Nokia (NOK) recently had a good run up in terms of its stock price from a lifetime low of just $1.6 to $3 levels. Those who bought into Nokia's ADR at this low point would have made a good deal of profits by now. But unfortunately, the price seems to be falling yet again.
It's rather saddening to witness the once mighty Nokia reduced to this condition. The fall from grace has been painful as well as tragic for many Nokia fans like me. Not to mention those who stayed invested till date.
Nokia missed out on the smartphone age by holding on to its old and redundant Symbian platform. And when it finally decided to let go, the damage had already been done. Nokia lost most of its smartphone market share to Apple (AAPL) and Samsung. But Nokia wasn't alone. The iconic BlackBerry maker, Research in Motion (RIMM) also failed to catch up with Apple's IOS and Google's (GOOG) Android based devices.

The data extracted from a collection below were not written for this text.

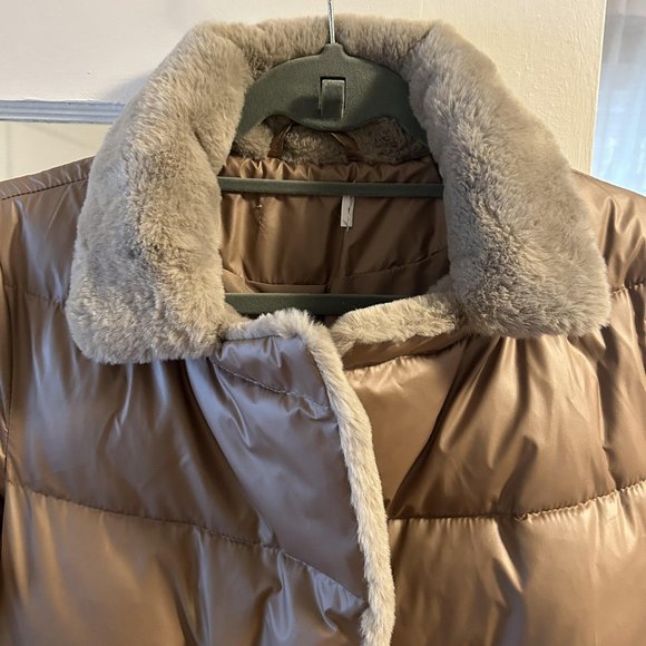Camel puffer Coat, long as just under knees, with top up zip. Nearly new, cutted logo. A bright color in the winter. With enclosed artificial fur collar. Size in small.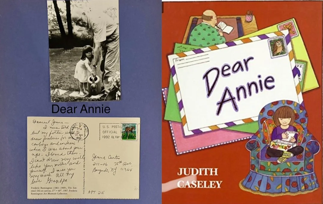 In Dear Annie, published by Greenwillow Books in 1991, I wrote about a little girl, my daughter Jenna, whose grandfather writes her letters. For several years, Jenna received postcards and ditties from her Grandpa Lester that she kept in a shoebox. We still have the letters, safe and sound in the Stride-right box that stored them. Striving for authenticity, I copied some of them and put them in the book. Grandpa Lester’s letters made the story authentic because they came from the heart of a loving grandparent.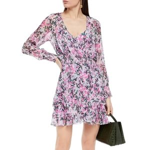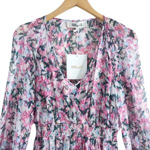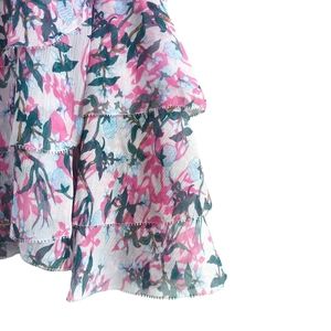 DIANE VON FURSTENBERG Kelby Floral Silk Mini Tiered Ruffle Pink Dress Size XS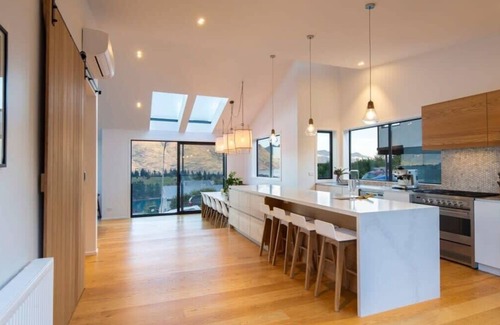Tonic Lodge is a brand-new, luxurious five-bedroom home offering stunning views across Lake Wakatipu and The Remarkables. Perfectly designed for both relaxation and adventure, it comfortably sleeps up to 12 guests, making it ideal for large groups or family getaways. The home features a fully equipped gourmet kitchen, media room, superfast unlimited WiFi, wine fridge, BBQ, and a spacious entertaining deck.
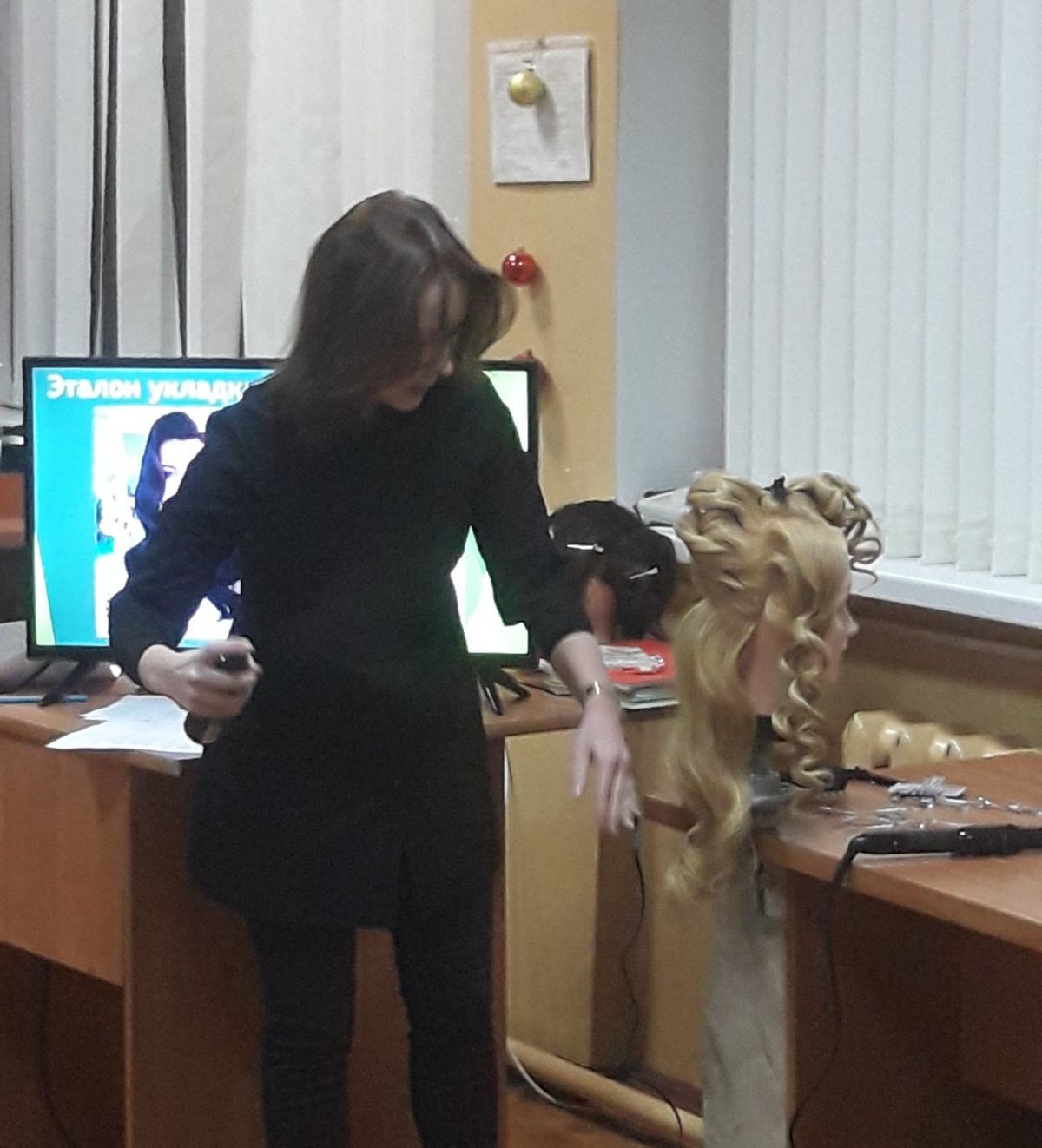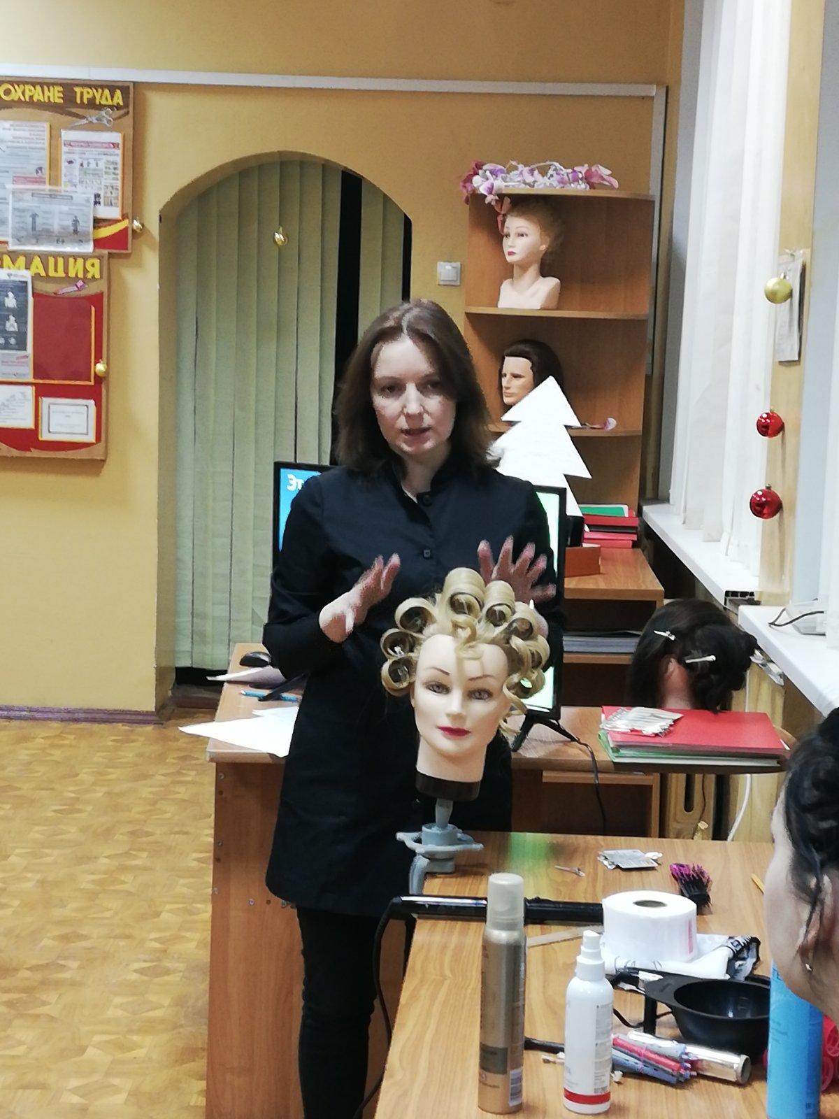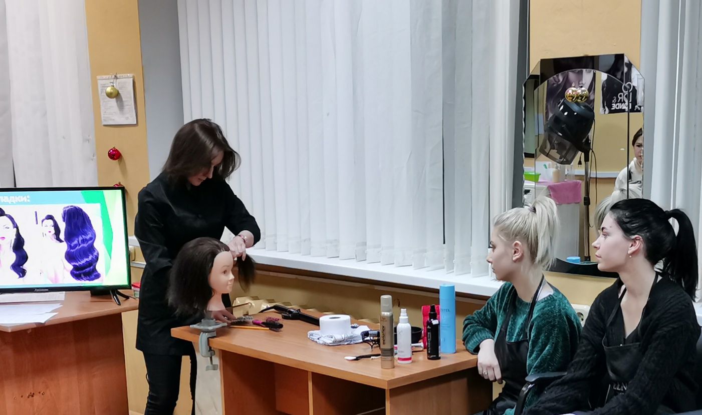 Сегодня, 23 декабря, согласно плана работы аттестационной комисси состоялось открытое занятие по учебному предмету “Производственное обучение” по специальности “Парикмахерское искусство и декоративная косметика”. Окстина Елена Марьяновна пригласила коллег в учебную группу № 14 парикмахер/мастер по маникюру и представила варинат работы по теме “Модельная укладка волос “Голливудская волна”. На учебном занятии учащиеся освоили следующие трудовые приемы:

But Nokia hasn't been sitting pretty and doing absolutely nothing. The company has been cutting corners and eliminating redundant business units. Recently it sold about 500 of its patents to Vringo (VRNG) for a sum of $22 million. It has also been laying off many of its employees and has completed the sale of its Qt platform to a Finnish software maker Digia.

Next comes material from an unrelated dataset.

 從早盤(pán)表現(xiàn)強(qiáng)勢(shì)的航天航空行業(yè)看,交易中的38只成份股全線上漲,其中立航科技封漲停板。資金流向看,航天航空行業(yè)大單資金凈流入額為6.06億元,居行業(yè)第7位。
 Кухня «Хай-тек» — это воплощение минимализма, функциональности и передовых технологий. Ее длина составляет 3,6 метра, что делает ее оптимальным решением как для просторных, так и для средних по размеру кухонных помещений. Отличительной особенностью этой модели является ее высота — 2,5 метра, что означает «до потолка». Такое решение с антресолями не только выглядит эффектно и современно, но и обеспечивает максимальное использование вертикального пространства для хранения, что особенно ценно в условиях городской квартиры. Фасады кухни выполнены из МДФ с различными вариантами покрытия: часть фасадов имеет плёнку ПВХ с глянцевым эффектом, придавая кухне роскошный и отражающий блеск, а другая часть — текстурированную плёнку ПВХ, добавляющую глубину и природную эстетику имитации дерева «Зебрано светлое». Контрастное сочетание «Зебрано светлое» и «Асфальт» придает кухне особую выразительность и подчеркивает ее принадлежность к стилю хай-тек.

So what does the future hold for Nokia?
Well, the High-end smartphone business doesn't seem to be working for Nokia as well as it should have. But what's still working, is the demand for low-end mobile devices from emerging markets, such as South Africa, and India.
Research firm Gartner reveals that Nokia, with a market share of 19.9%, was second largest in terms of worldwide mobile shipments during the second quarter this year. To put this into perspective, Nokia's market share is slightly below electronic giant, Samsung's share of 21.6%.
So Nokia may be down in the smartphone space, but it's still not entirely out in terms of the overall mobile market.
Being a highly visible and trusted brand in emerging markets, Nokia should be able to win the favor of many consumers with newer smartphone launches in future. So as long as Nokia is able to keep its foothold in the low-end segment, the company will be able to buy more time until it's able to ramp up smartphone sales significantly.
Nokia will be introducing new Microsoft (MSFT) Windows 8 based smartphone devices in September. But if this doesn't happen sooner than Apple's launch of the iPhone 5, the company might lose its edge even further.
So should you take a chance with Nokia?
Well, the company still has quite a long way to go, before it can fully recover. The process will be painfully long, but would probably be worth the wait. Once all redundancies are removed, the result would be a leaner and more agile company, which would be able to focus its energies solely on the smartphone market more effectively.
Besides, over the past 20 years, Nokia has amassed a large portfolio of more than 30,000 valuable patents under its belt. Many analysts believe that these could be worth anywhere between 4 billion to 10 billion euros. After Apple's legal victory against Samsung, I'd say that these patents could be even more valuable. This not only gives Nokia enough ammunition to generate more patent royalties but also makes it a rather attractive acquisition target.
At these rock bottom levels, I'd say that Nokia looks like a great buy and a good long term play.